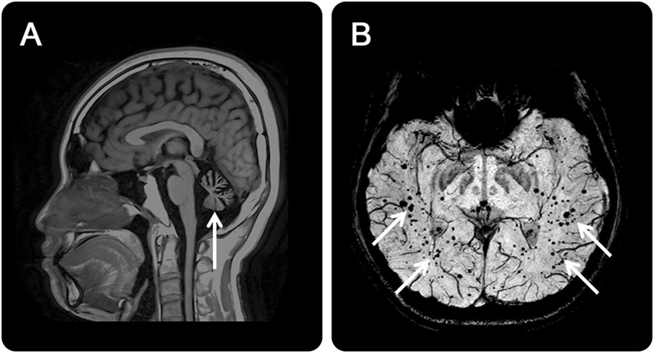 (一)t1加权磁共振成像显示小脑萎缩(箭头所指)。(B) Susceptibility-weighted图像(瑞士)显示点状的信号空间散射在正常大脑(箭头),表明microbleeds含铁血黄素沉积,有相关的扩张血管ataxia-telangiectasia患者中。
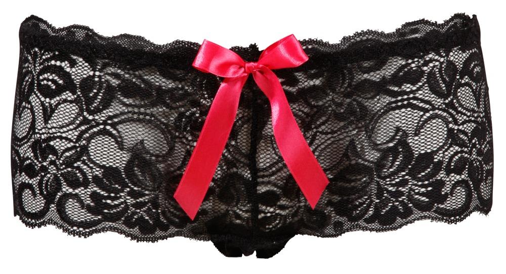 Hot and sexy!Tight-fitting, black lace panties with a decorative pink bow at the front and the back. Crotchless. 94% polyamide, 6% polyester.
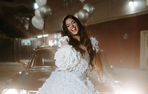 En las imágenes compartidas (5) se aprecia uno de sus primeros besos como esposos; su posterior salida en un automóvil; la ecuatoriana luciendo su ramo de flores; y el espectacular pastel de 10 pisos.
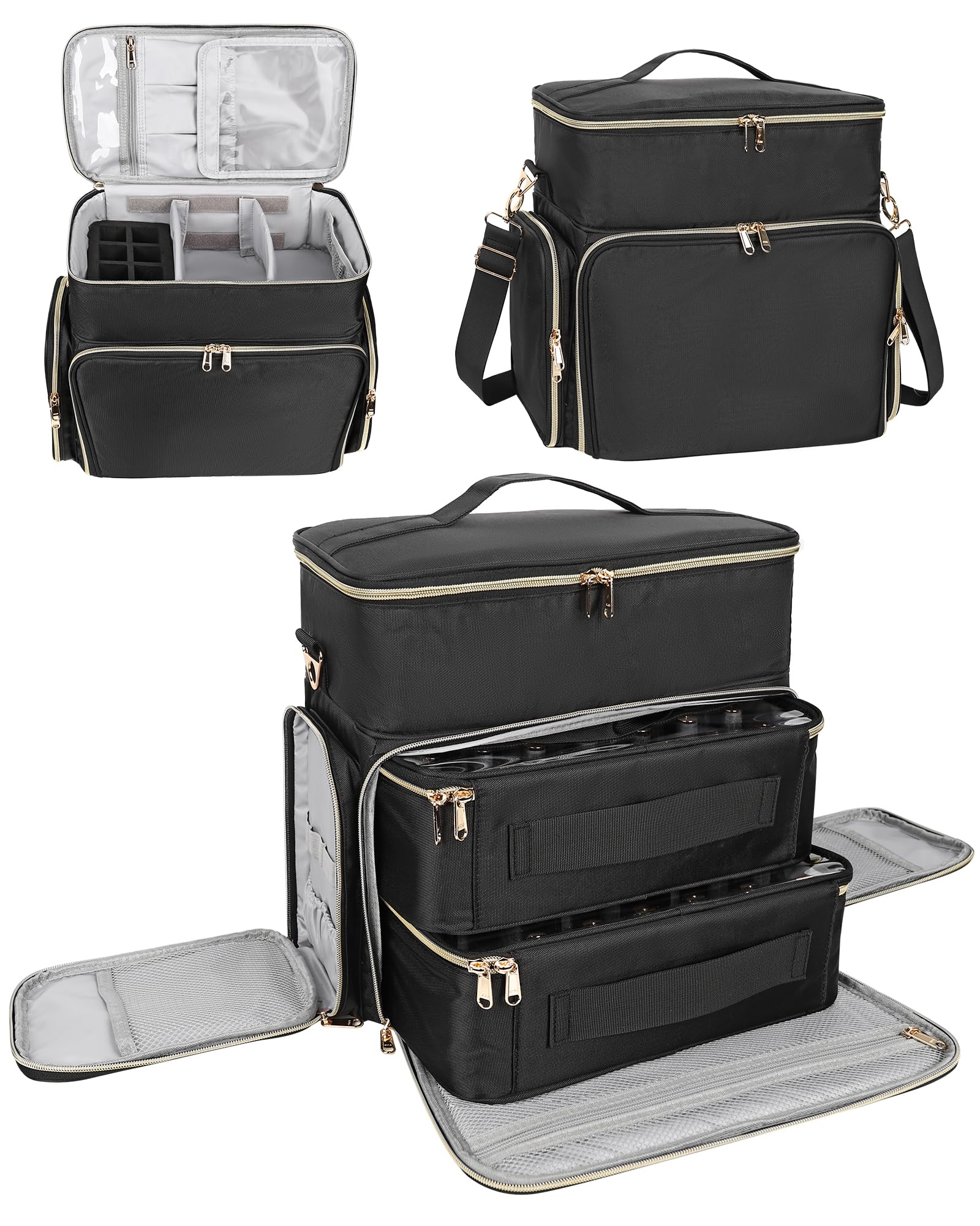 - Detachable Layer: A great nail organizers and storage for nail tech with 3 detachable layer. 2 nail polish organizer cases and the upper layer with adjustable dividers and can be used as a separate storage case.
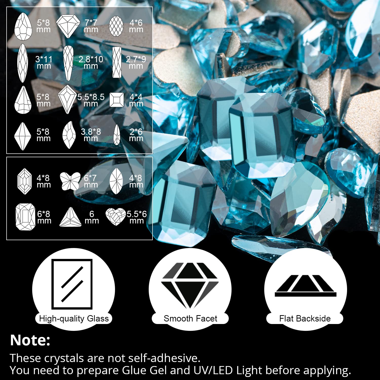 18 Styles Multi-Shaped Glass Gemstones for Nails and 6 Sizes Round Crystal Rhinestones Kit #8, Lake Blue Nail Art Charm Bead Manicure Decoration with Pickup Pencil and Tweezer
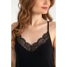 Сорочка женская полуприталенная из гладкокрашеного трикотажного вискозного полотна с отделкой кружевом, слегка расширенная книзу, без рукавов.
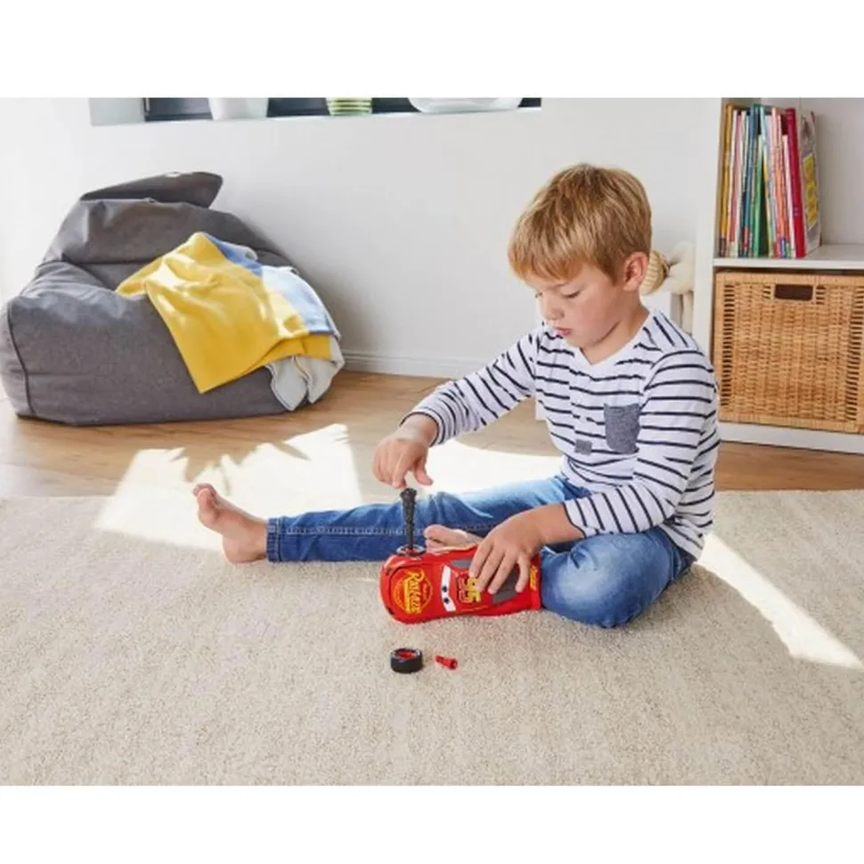 Et voici le héros des célèbres films Cars de Disney Pixar. Ce kit de montage est parfaitement adapté aux enfants. Composé de 19 pièces individuelles, des vis correspondantes et d’un tournevis parfaitement adapté aux mains des enfants, partez à la conquête de tous les circuits de course dans la chambre d’enfant. Des effets de son et lumière très cools sont activés en appuyant sur le capot – pour une atmosphère de course authentique ! Assemblage ultra-facile grâce au système à visser sans effort. Longueur d’env. 21 cm.
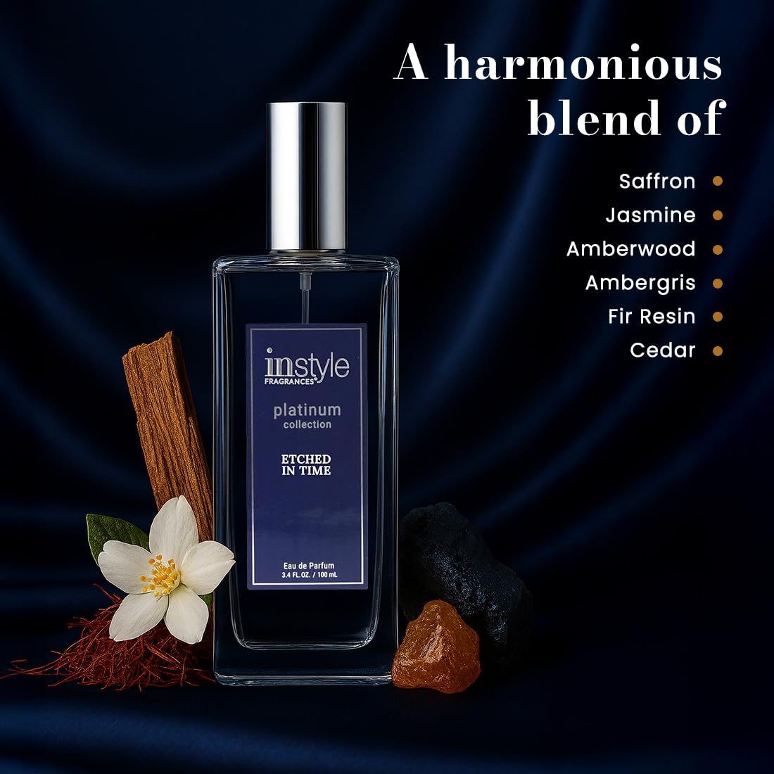- PLATINUM COLLECTION: Etched in Time is a sophisticated fragrance where twists of cedarwood meet saffron in a balancing act with jasmine that imbues the body with crystalline radiance.
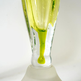 Coppia di candelieri in vetro verde e satinato, XX secolo, altezza cm 32,5
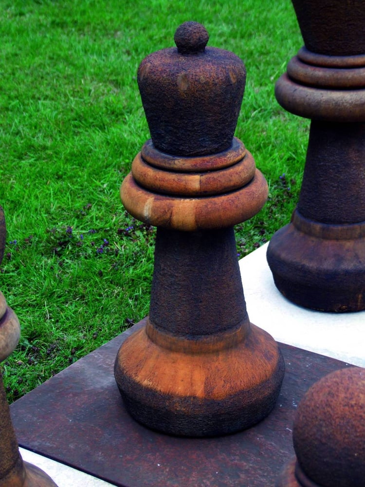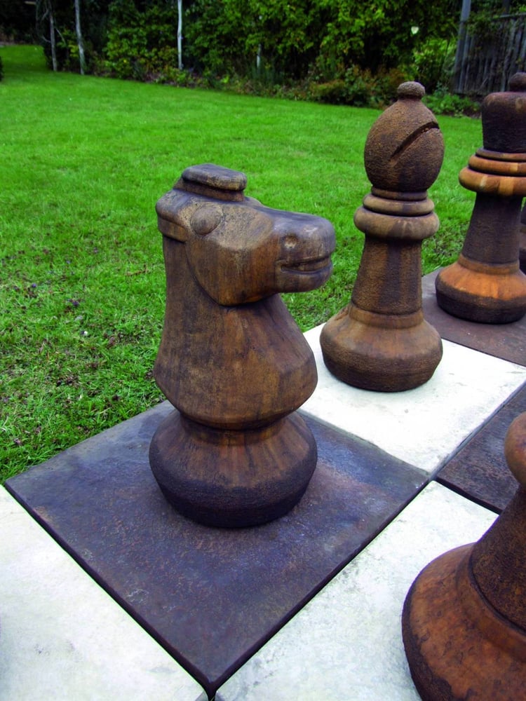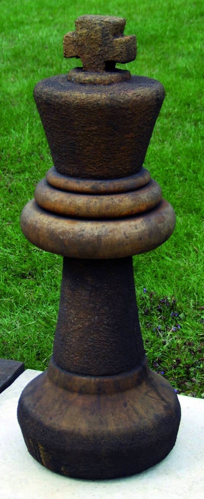 Each of the 32 chess pieces is hand-moulded by Lucas Stone, a small family-run workshop based in the UK. They use local materials and traditional casting techniques perfected over decades. The pieces stand between 400mm and 600mm tall in contrasting rust and sandstone finishes.
+===+
## Task:
Exact copy, pictures excluded: every line above from the one containing "Сорочка женская полуприталенная" to the one containing "Et voici le", inclusive, and nothing more.

## Answer to the problem:
 Сорочка женская полуприталенная из гладкокрашеного трикотажного вискозного полотна с отделкой кружевом, слегка расширенная книзу, без рукавов.
 Et voici le héros des célèbres films Cars de Disney Pixar. Ce kit de montage est parfaitement adapté aux enfants. Composé de 19 pièces individuelles, des vis correspondantes et d’un tournevis parfaitement adapté aux mains des enfants, partez à la conquête de tous les circuits de course dans la chambre d’enfant. Des effets de son et lumière très cools sont activés en appuyant sur le capot – pour une atmosphère de course authentique ! Assemblage ultra-facile grâce au système à visser sans effort. Longueur d’env. 21 cm.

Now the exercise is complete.